LoRA (Low-Rank Adaptation)¶
Full fine-tuning updates ALL parameters. For a 7B model, that's 7 billion weights requiring massive GPU memory. LoRA decomposes weight updates into two small matrices:
W_new = W_original + A * B
W_original: frozen (e.g., 4096 x 4096)
A: trainable (e.g., 4096 x 16) - rank=16
B: trainable (e.g., 16 x 4096)
Result: ~130K trainable parameters per layer instead of 16M. 99% fewer parameters.
Rank (r): controls expressiveness. Typical: 8, 16, 32, 64. Higher = more capacity, more memory.

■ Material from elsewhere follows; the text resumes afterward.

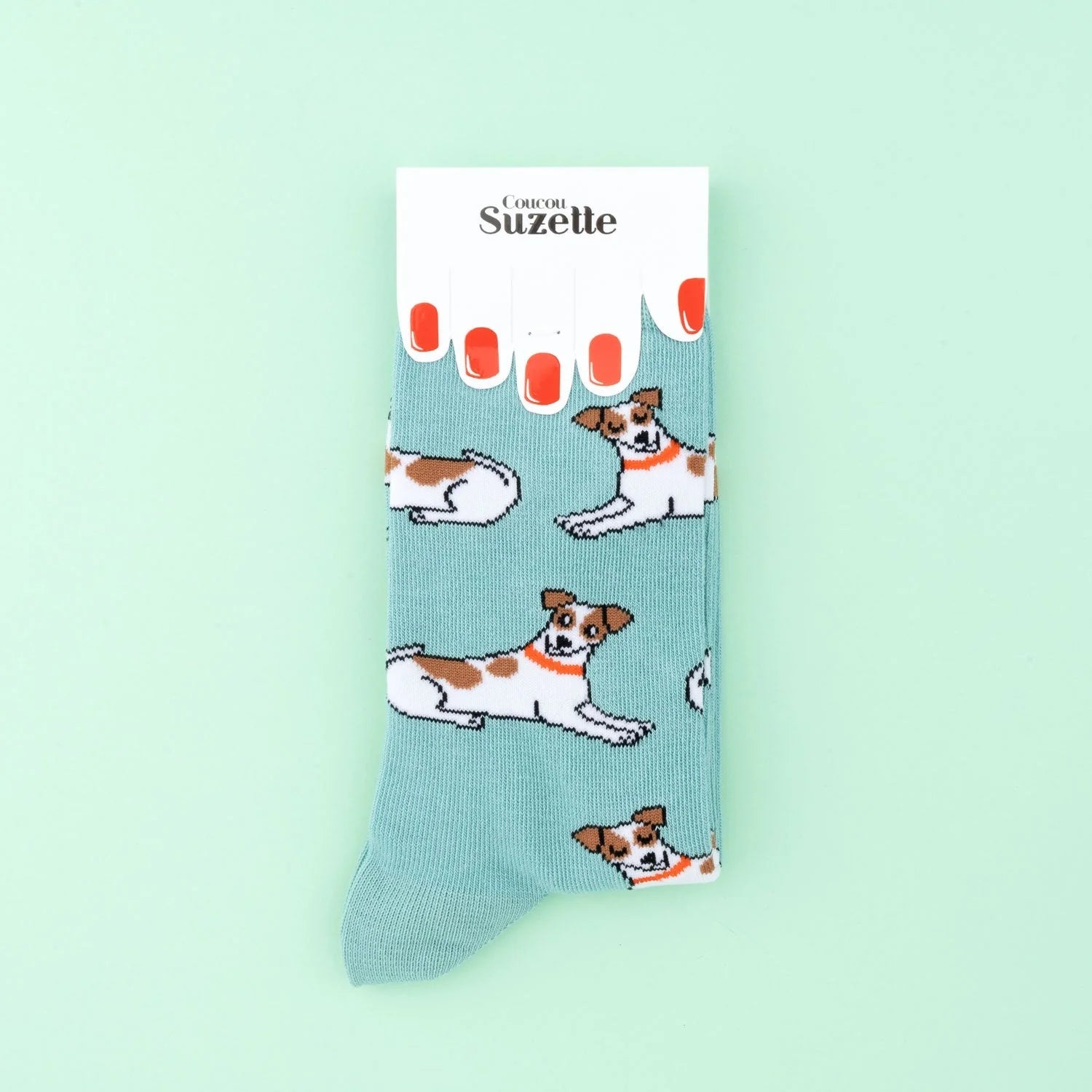 Soft and cozy cotton socks, covered in Jack Russel terriers. One size.

LoRA with HuggingFace PEFT¶
from peft import LoraConfig, get_peft_model, TaskType
from transformers import AutoModelForCausalLM
model = AutoModelForCausalLM.from_pretrained("meta-llama/Llama-3.1-8B")
lora_config = LoraConfig(
r=16,
lora_alpha=32,
target_modules=["q_proj", "v_proj"],
lora_dropout=0.05,
task_type=TaskType.CAUSAL_LM
)
model = get_peft_model(model, lora_config)

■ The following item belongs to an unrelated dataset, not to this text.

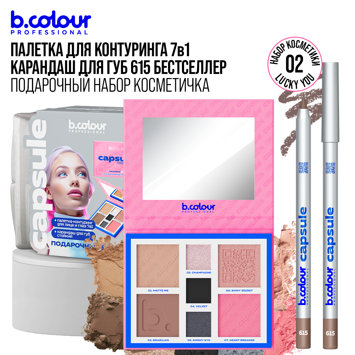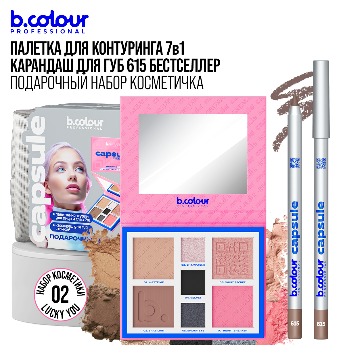 B.COLOUR PROFESSIONAL Хайлайтер для лица, набор косметики CAPSULE, 02 LUCKY YOU

model.print_trainable_parameters()
# trainable: 4,194,304 || all: 8,030,261,248 || trainable%: 0.05
Target Modules¶
q_proj,v_proj(attention queries/values) - most common, good defaultk_proj(attention keys) - added for more expressivenesso_proj(attention output)gate_proj,up_proj,down_proj(FFN) - for deeper adaptation
Training Configuration¶
from transformers import TrainingArguments
training_args = TrainingArguments(
output_dir="./lora-output",
num_train_epochs=3,
per_device_train_batch_size=4,
gradient_accumulation_steps=4,
learning_rate=2e-4,
fp16=True,
logging_steps=10,
save_strategy="epoch"
)
QLoRA (Quantized LoRA)¶
Combines LoRA with quantization: 1. Quantize base model to 4-bit (NF4 format) 2. Add LoRA adapters in FP16 3. Train only LoRA parameters
Memory savings: 7B model goes from ~28GB (full) to ~6GB (QLoRA). Enables fine-tuning on consumer GPUs.
PEFT Methods Comparison¶
| Method | Approach | Trainable Params |
|---|---|---|
| LoRA | Low-rank weight update decomposition | 0.1-1% |
| QLoRA | LoRA + 4-bit quantization | 0.1-1% |
| Prefix Tuning | Trainable prefix tokens per layer | Very small |
| Prompt Tuning | Trainable soft prompt vectors | Tiny |
| Adapter Layers | Small trainable layers between frozen layers | 1-5% |
Data Quality Guidelines¶
- Each example should demonstrate the exact behavior you want
- Remove duplicates, contradictions, low-quality samples
- Hold out 10-20% as test set
- Measure task-specific metrics (accuracy, BLEU, F1)
- Compare against baseline to verify improvement
- Check for overfitting (training metric improves but test doesn't)
Gotchas¶
- Fine-tuning on small datasets risks overfitting - always validate on held-out set
- Fine-tuned models inherit the base model's limitations (hallucination, reasoning failures)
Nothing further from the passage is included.